For a sufficiently drastic violation, the best available enforcement mechanism may be to entirely suspend publication of work building on licensed code and models. Potentially the license could include terms such that all participants must suspend publication.
Call for Future Work
An EA organization or group seeking to pursue this idea may want to:
Draft the actual license terms, ideally with the input of legal and AI policy experts.
Set up an organization that could enforce the license terms on violators via lawsuits and that has the resources to do so.
Individuals could contribute in a number of ways, including
Researching the history of software license litigation to build an understanding of what could be legally enforceable. A comprehensive view of the legal landscape would be extremely helpful in setting up the license, but individuals could work on such a project independently and compare notes (via the EA Forum or via a wiki project)
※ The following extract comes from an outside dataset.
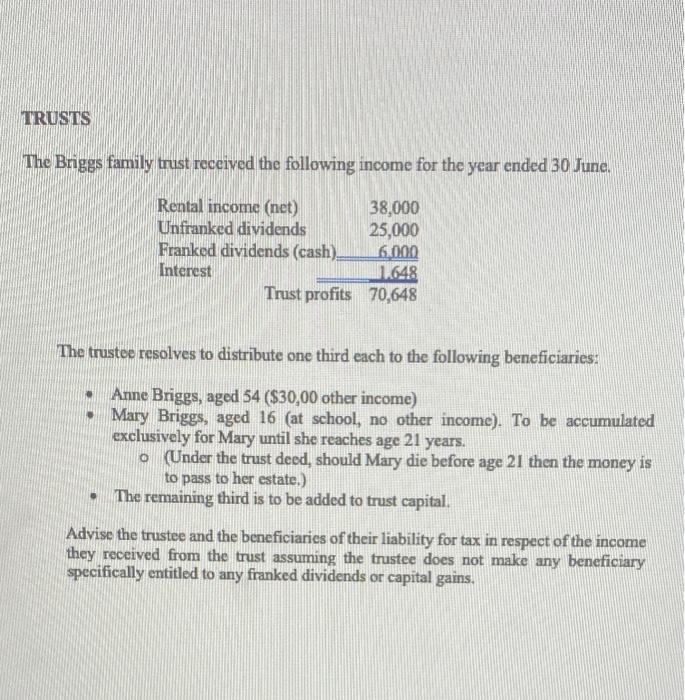 Trusts The Briggs Family Trust Received The Following Chegg Com

Researching the possible unintended consequences from creating such a license
Do licenses deter friendly actors without affecting malicious actors?
Analyzing the comparative effectiveness of various AI organizations’ attempts to formalize safety principles, and track how those principles influence the behavior of those organizations.
Trying to figure out a set of principles (broad and specific) to which licensees could be held.
Articulating a versioning or corrigibility clause that allows for additions of values or safety measures.
Analyzing whether such a license would be most beneficial if it had limited scope (e.g. to countries where the enforcement mechanism can be the US legal system), or if it needs to be enforceable or effective globally.
Thanks to Jonathan Rodriguez, Guive Assadi, Todor Markov, and Jeremy Nixon for helpful comments on earlier drafts of this article.